Bill would nix compulsory health care

Published 5:46 pm Thursday, May 20, 2010

Staff Writer

A bill filed for consideration in the N.C. Senate would make it illegal for the government to compel people to buy health-care coverage in the state, but even the prime backer of the proposed legislation acknowledges the measure is a political longshot.
The bill, introduced by Sen. Jim Forrester, R-Gaston, would allow state voters to decide whether to amend the N.C. Constitution to outlaw fines or penalties that would be levied against North Carolina people or businesses that don’t buy health insurance.
The bill also would scrap mandatory participation in any health-care system.

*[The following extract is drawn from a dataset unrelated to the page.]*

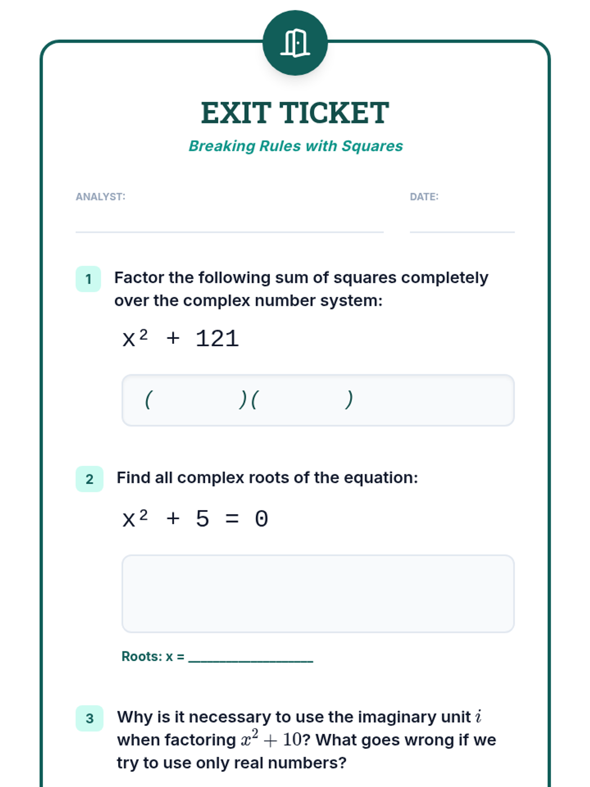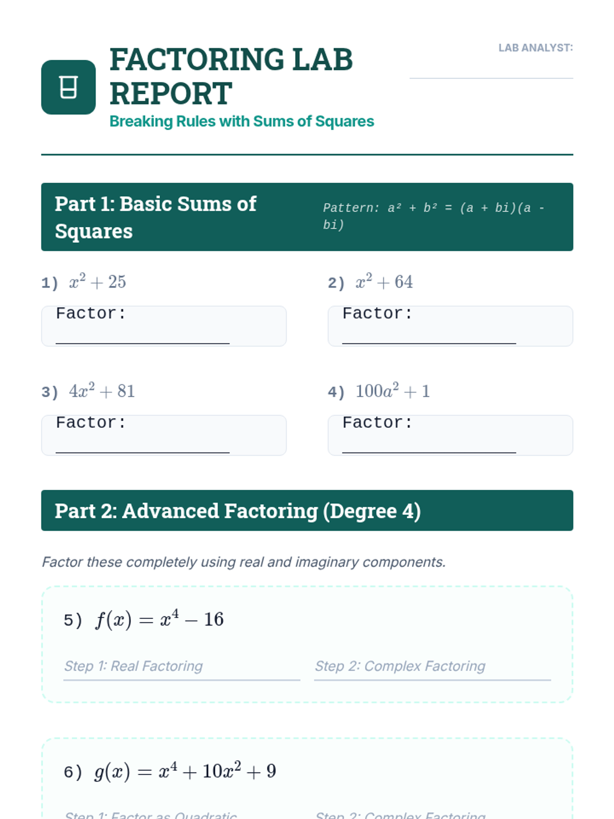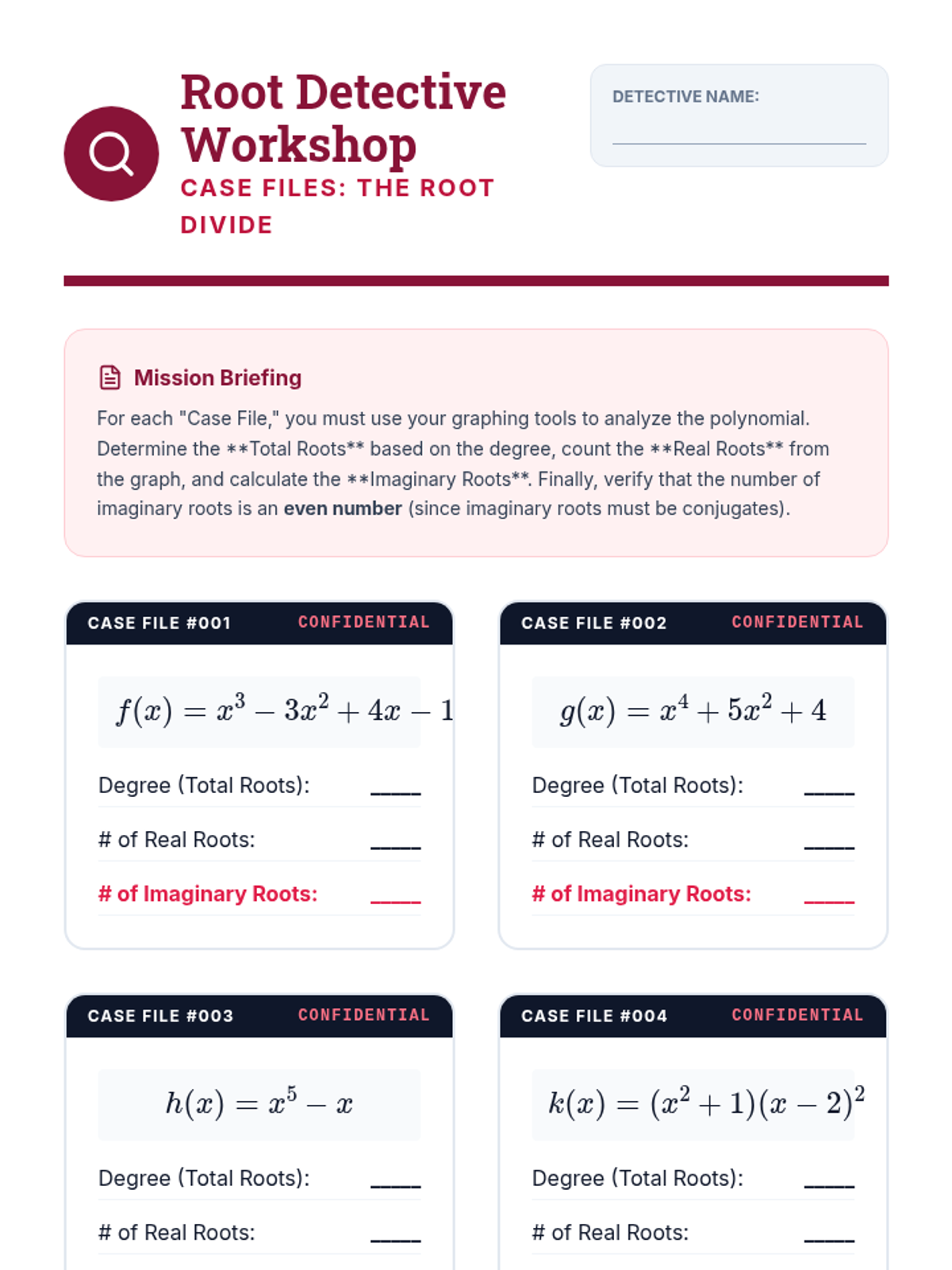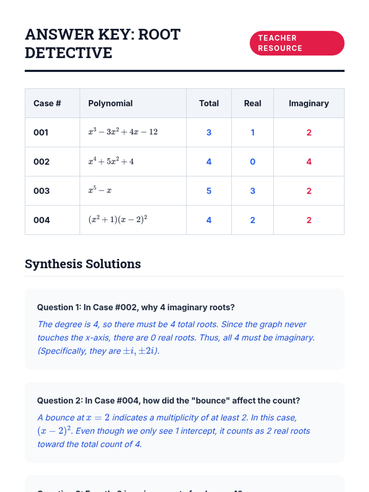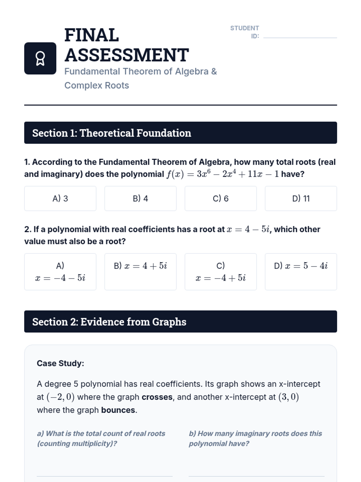 A high school math sequence exploring the Fundamental Theorem of Algebra through graphical analysis and algebraic proofs, helping students understand the connection between polynomial degree and complex roots.

Forrester’s effort, a largely symbolic one, mirrors past attempts by House and Senate Republicans calling for a state-level constitutional amendment to ban gay marriage.
“The intent of this bill is a constitutional amendment to opt out of the (President Barack) Obama health-care plan,” Forrester told the Washington Daily News in a telephone interview.

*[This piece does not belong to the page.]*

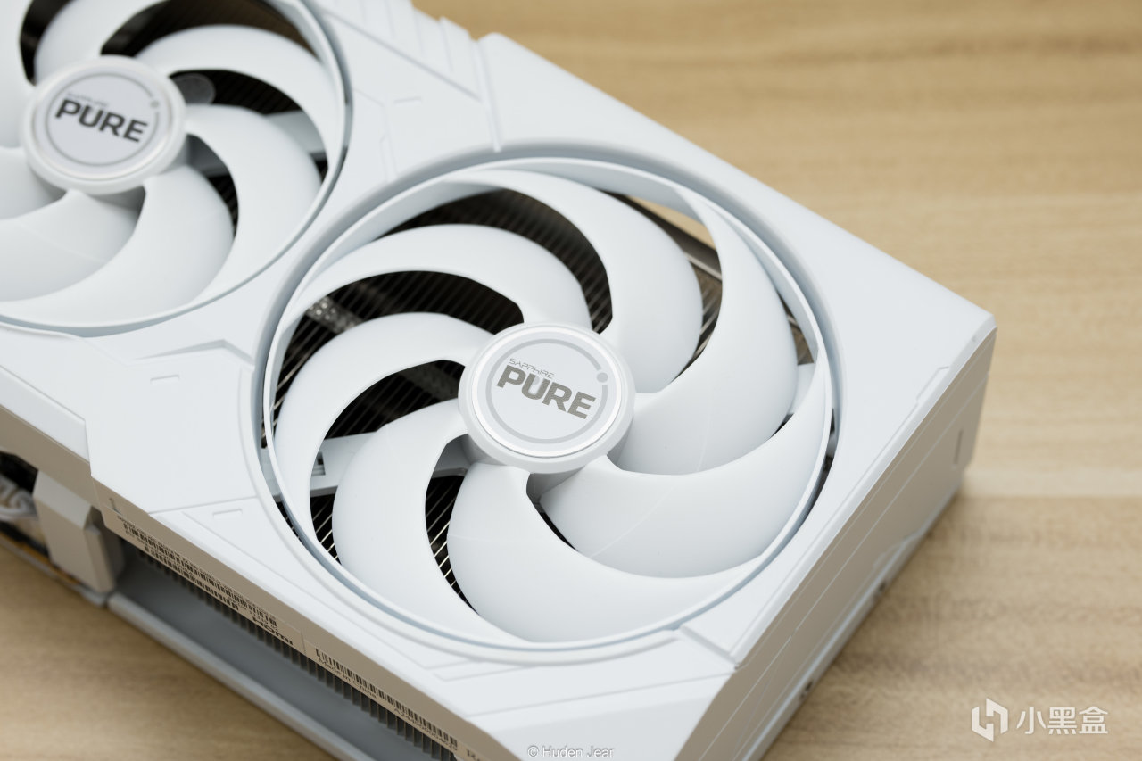 顯卡爲三風扇散熱,軸承是雙滾珠的可以降低噪音,扇葉方向相互間隔着排列。外殼使用塑料材質,尾部有金屬固定,造型設計非常硬朗。風扇上有Pure的logo,從以往的非公來看應該也是定製的AeroCurve顯卡扇葉

State Sen. Marc Basnight, D-Dare, president pro tempore of the Senate, has resisted the gay-marriage vote because state law already forbids gay marriage.
It appears that Forrester’s bill will have no more success than the almost-perennial drive for a gay-marriage ban, which Forrester is pushing for again this year, a fact that he brought up in the interview.
“It was just a statement saying that I thought we ought to be able to handle our own health-care needs without the federal government coming in,” he said.
It’s doubtful the bill will be taken up by the full Senate in the short session, which, on the whole, is held to consider budget matters, Forrester noted.
Forrester’s bill reads like a well-placed activist’s response to the U.S. Senate’s Christmas Eve 2009 passage of the Patient Protection and Affordable Care Act.
An altered version of that legislation was signed into law in March by President Barack Obama.
The congressional act was expected to extend health coverage to millions of Americans, resulting in the coverage of 94 percent of United States citizens.
The act could end up costing more than $1 trillion over the next 10 years, according to the Congressional Budget Office.
Many conservatives and even some moderates object to the scope of the health-care overhaul, which they maintain is too costly and intrusive.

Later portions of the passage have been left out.